━━ SOURCE MATERIAL ━━
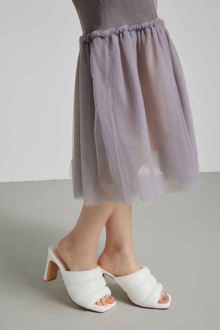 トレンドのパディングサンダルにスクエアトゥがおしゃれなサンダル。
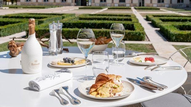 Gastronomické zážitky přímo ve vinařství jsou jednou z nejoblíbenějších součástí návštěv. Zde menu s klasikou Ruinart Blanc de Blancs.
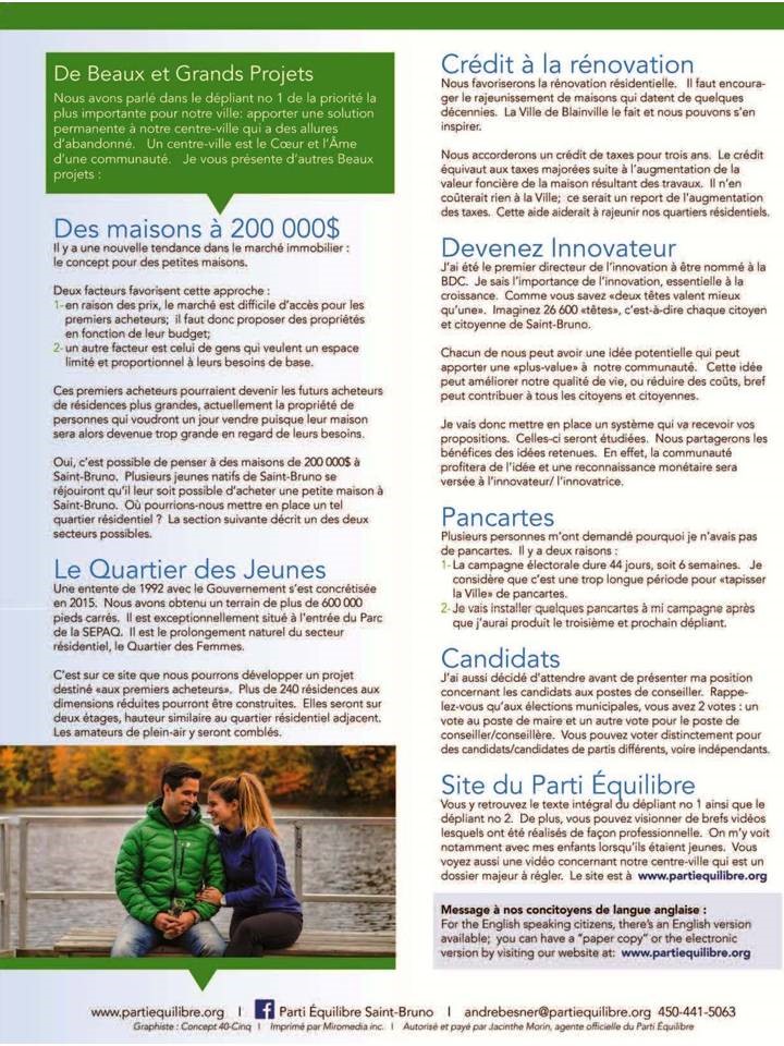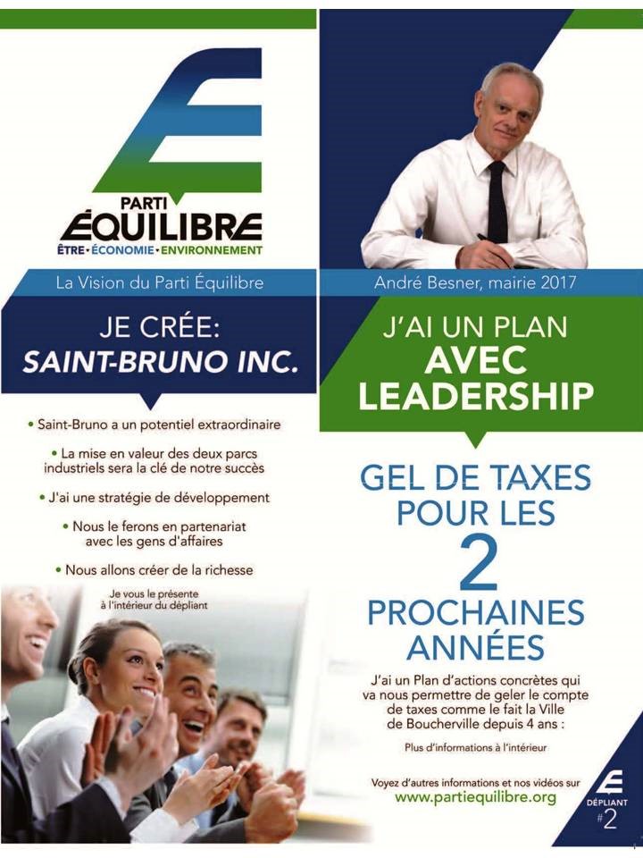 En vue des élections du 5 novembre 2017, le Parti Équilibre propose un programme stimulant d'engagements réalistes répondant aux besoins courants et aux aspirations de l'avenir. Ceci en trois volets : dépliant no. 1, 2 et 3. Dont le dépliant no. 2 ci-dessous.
━━━
# [REQUIRED ACTION]
The response should restate the material above word for word and contain no pictures.

# [ANSWER BELOW]
 トレンドのパディングサンダルにスクエアトゥがおしゃれなサンダル。
 Gastronomické zážitky přímo ve vinařství jsou jednou z nejoblíbenějších součástí návštěv. Zde menu s klasikou Ruinart Blanc de Blancs.
 En vue des élections du 5 novembre 2017, le Parti Équilibre propose un programme stimulant d'engagements réalistes répondant aux besoins courants et aux aspirations de l'avenir. Ceci en trois volets : dépliant no. 1, 2 et 3. Dont le dépliant no. 2 ci-dessous.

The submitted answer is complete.